Geologists identify deep-earth structures that may signal hidden metal lodes

If the world is to maintain a sustainable economy and fend off the worst effects of climate change, at least one industry will soon have to ramp up dramatically: the mining of metals needed to create a vast infrastructure for renewable power generation, storage, transmission and usage. The problem is, demand for such metals is likely to far outstrip currently both known deposits and the existing technology used to find more ore bodies.

Now, in a new study, scientists have discovered previously unrecognized structural lines 100 miles or more down in the earth that appear to signal the locations of giant deposits of copper, lead, zinc and other vital metals lying close enough to the surface to be mined, but too far down to be found using current exploration methods. The discovery could greatly narrow down search areas, and reduce the footprint of future mines, the authors say. The study appears this week in the journal Nature Geoscience.

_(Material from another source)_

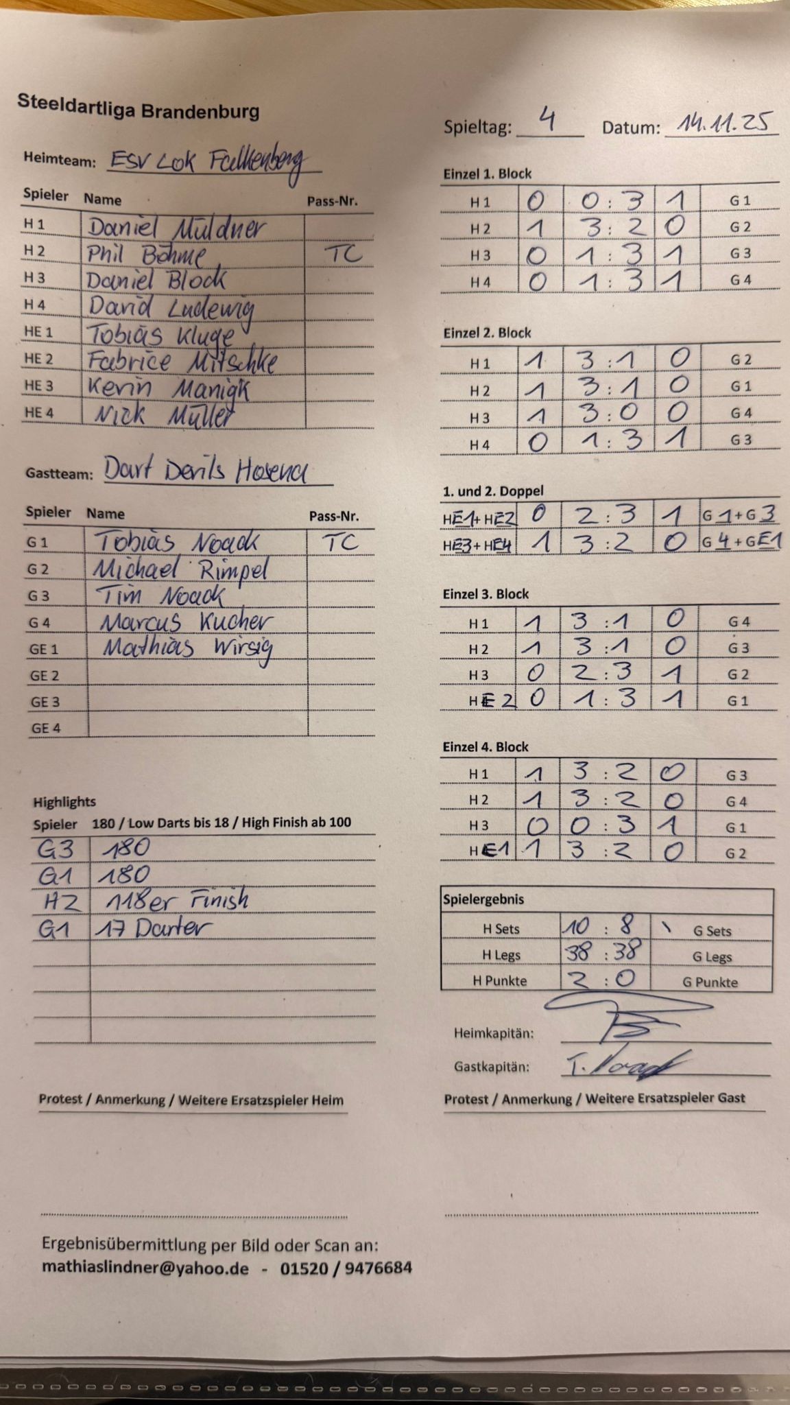 Beim Ligaspiel zwischen dem ESV Lok Falkenberg und den starken Dart Devils Hosena entwickelte sich von Beginn an ein hochspannendes und sportlich intensives Match, bei dem beide Mannschaften ihr ganzes Können zeigten.
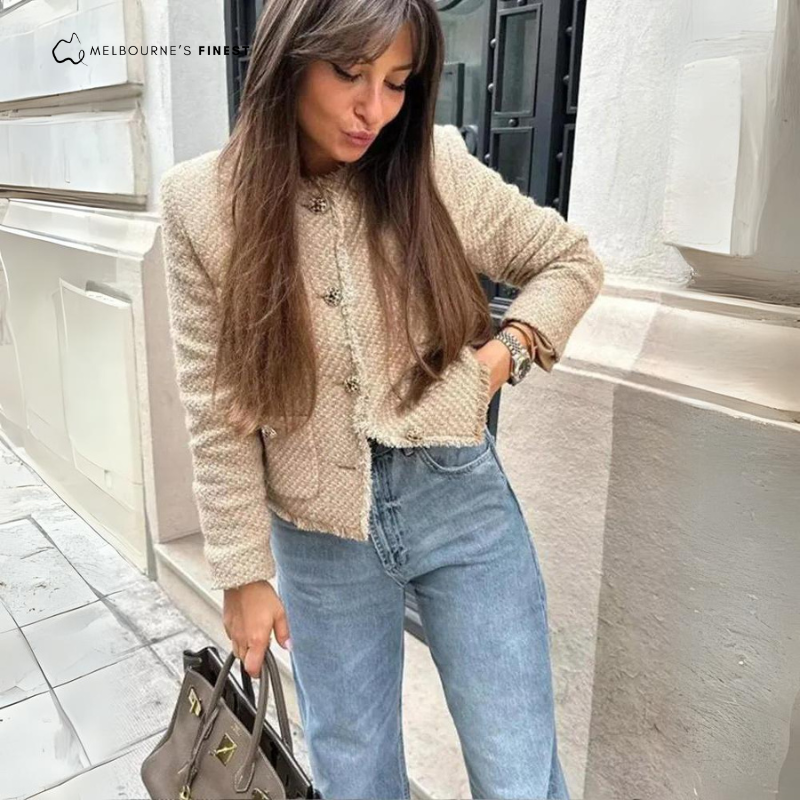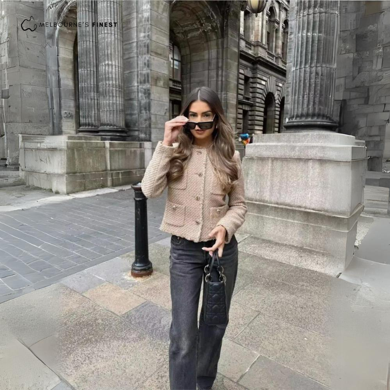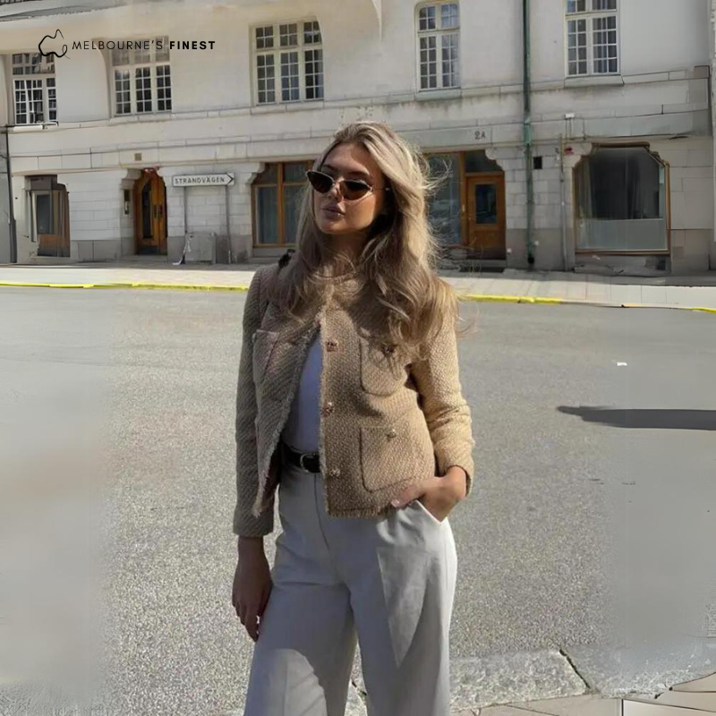 More than just an autumn jacket, the Scarlett™ Stylish Women's Jacket is your key to effortless elegance and sophistication. Crafted from fashionable tweed, this cropped masterpiece offers unrivaled comfort and timeless style. With its sophisticated design and practical features like a chest pocket and long sleeves, this jacket seamlessly transitions from day to night, making it the perfect outerwear solution for any ensemble.

[...] The study found that 85 percent of all known base-metal deposits hosted in sediments-and 100 percent of all "giant" deposits (those holding more than 10 million tons of metal)-lie above deeply buried lines girdling the planet that mark the edges of ancient continents. Specifically, the deposits lie along boundaries where the earth's lithosphere-the rigid outermost cladding of the planet, comprising the crust and upper mantle-thins out to about 170 kilometers below the surface.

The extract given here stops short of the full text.